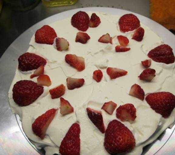 第21步、抹上一層打發的淡奶油擺上切好的草莓
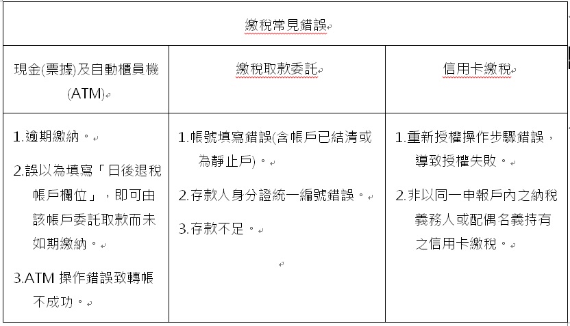 以以上方式繳稅時,要小心以下錯誤,以免遲繳稅金被追繳稅款並加計滯納金及利息。
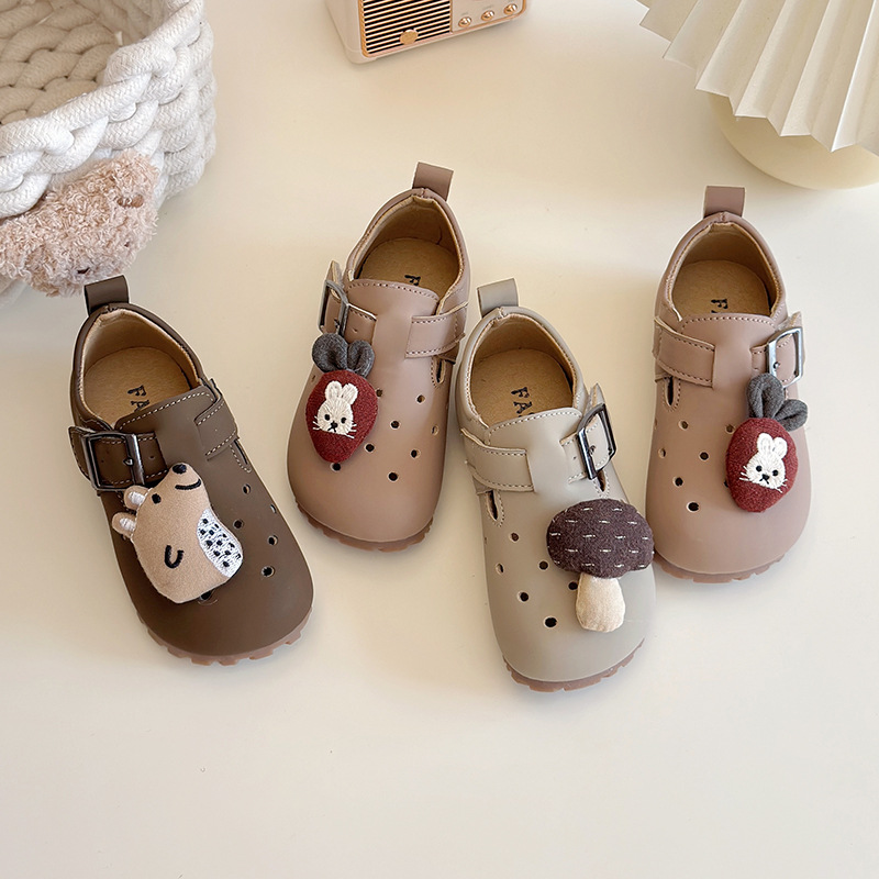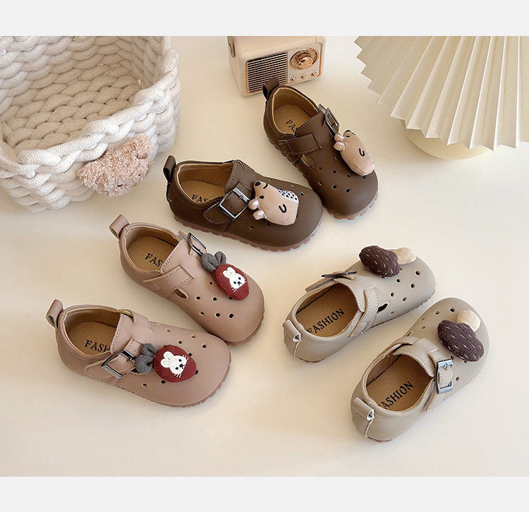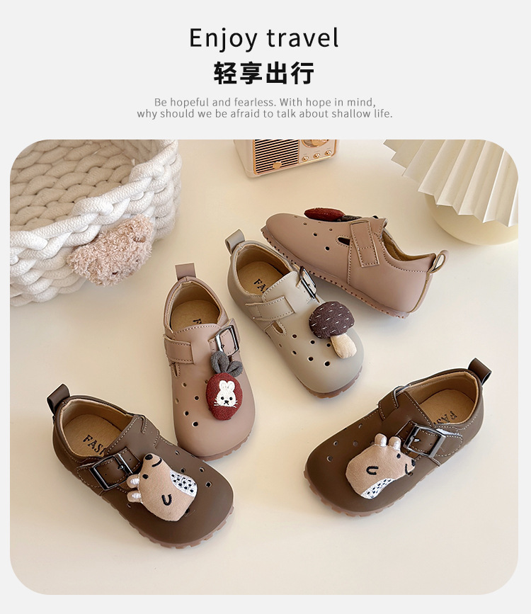 Кожаные туфли для девочек 2025 весна и осень новые детские нескользящие дышащие полые ботинки для девочек повседневные модные мягкие ботинки
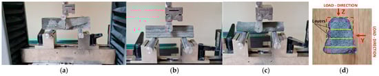 The strength of the interlayer bond is a critical factor in the effectiveness of 3D printing technology. Assessing the bond strength requires selecting an appropriate method for measuring the bond between layers and understanding its behavior. Currently, the existing study of 3D-printed elements relies on methods used to measure the bond strength in materials such as concrete or wood []. Techniques used to evaluate the interlayer bond strength mostly include direct tensile, splitting, compression, flexure, and shear strength tests. In the literature, we can find different evaluations of this approach. In the opinion of Zhang et al. [], the assessment of bond quality based on a compression test is sufficiently reliable. On the other hand, Nerella et al. [] believe that such analyses should be approached with care. In the opinion of the authors, the analysis of interlayer connections based on static load tests is, for the purpose of assessing the mechanical strength of printed elements, more adequate. In a previous publication, the authors have provided a detailed description of the test method for 3D-printed elements [].
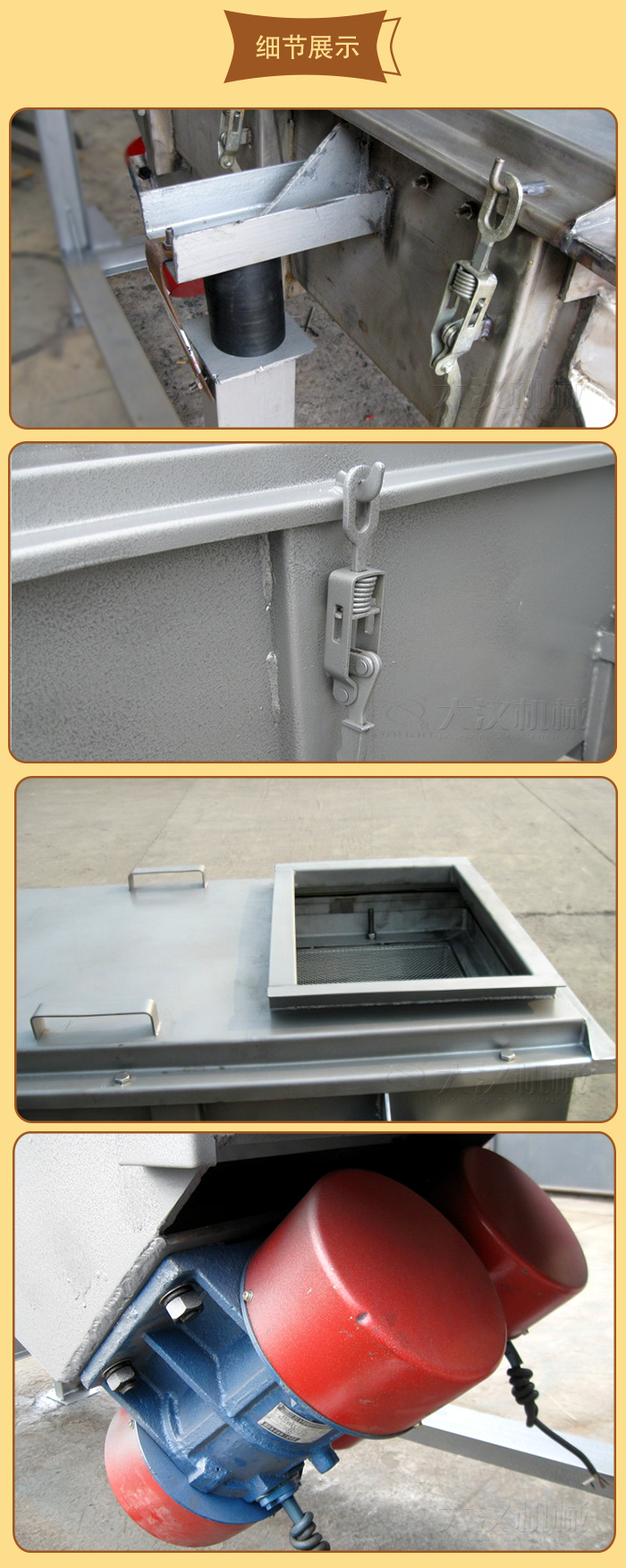 5、電機(jī)臺(tái)座:安裝振動(dòng)電機(jī),使用前連接螺釘必須擰緊,特別是新篩機(jī)試用前三天、必須反復(fù)緊固,以免松動(dòng)造成事故。
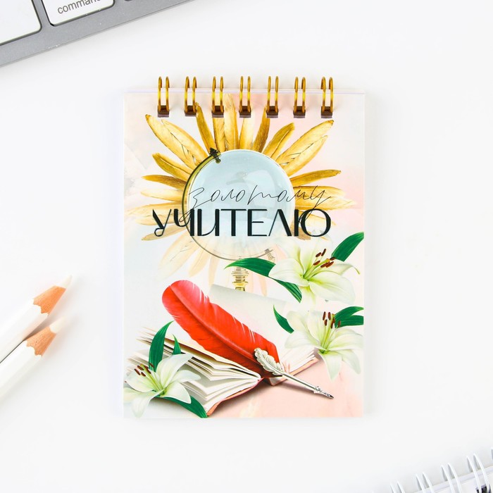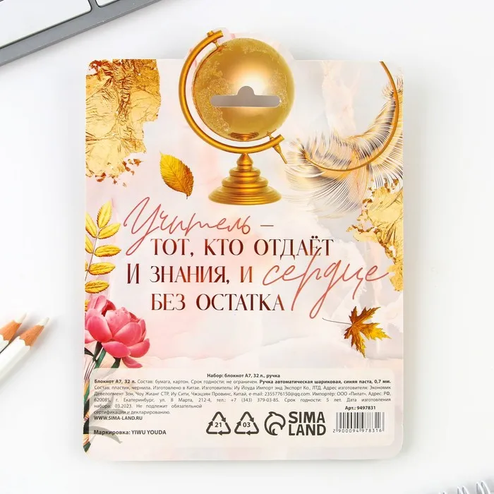 Подарочный набор, блокнот А7, 32 листа, ручка пластик, синяя паста «Золотому учителю» — Характеристики
········
# ASSIGNMENT
The records above should be returned exactly; no image belongs in the copy.

# COMPLETED EXERCISE
 第21步、抹上一層打發的淡奶油擺上切好的草莓
 以以上方式繳稅時,要小心以下錯誤,以免遲繳稅金被追繳稅款並加計滯納金及利息。
 Кожаные туфли для девочек 2025 весна и осень новые детские нескользящие дышащие полые ботинки для девочек повседневные модные мягкие ботинки
 The strength of the interlayer bond is a critical factor in the effectiveness of 3D printing technology. Assessing the bond strength requires selecting an appropriate method for measuring the bond between layers and understanding its behavior. Currently, the existing study of 3D-printed elements relies on methods used to measure the bond strength in materials such as concrete or wood []. Techniques used to evaluate the interlayer bond strength mostly include direct tensile, splitting, compression, flexure, and shear strength tests. In the literature, we can find different evaluations of this approach. In the opinion of Zhang et al. [], the assessment of bond quality based on a compression test is sufficiently reliable. On the other hand, Nerella et al. [] believe that such analyses should be approached with care. In the opinion of the authors, the analysis of interlayer connections based on static load tests is, for the purpose of assessing the mechanical strength of printed elements, more adequate. In a previous publication, the authors have provided a detailed description of the test method for 3D-printed elements [].
 5、電機(jī)臺(tái)座:安裝振動(dòng)電機(jī),使用前連接螺釘必須擰緊,特別是新篩機(jī)試用前三天、必須反復(fù)緊固,以免松動(dòng)造成事故。
 Подарочный набор, блокнот А7, 32 листа, ручка пластик, синяя паста «Золотому учителю» — Характеристики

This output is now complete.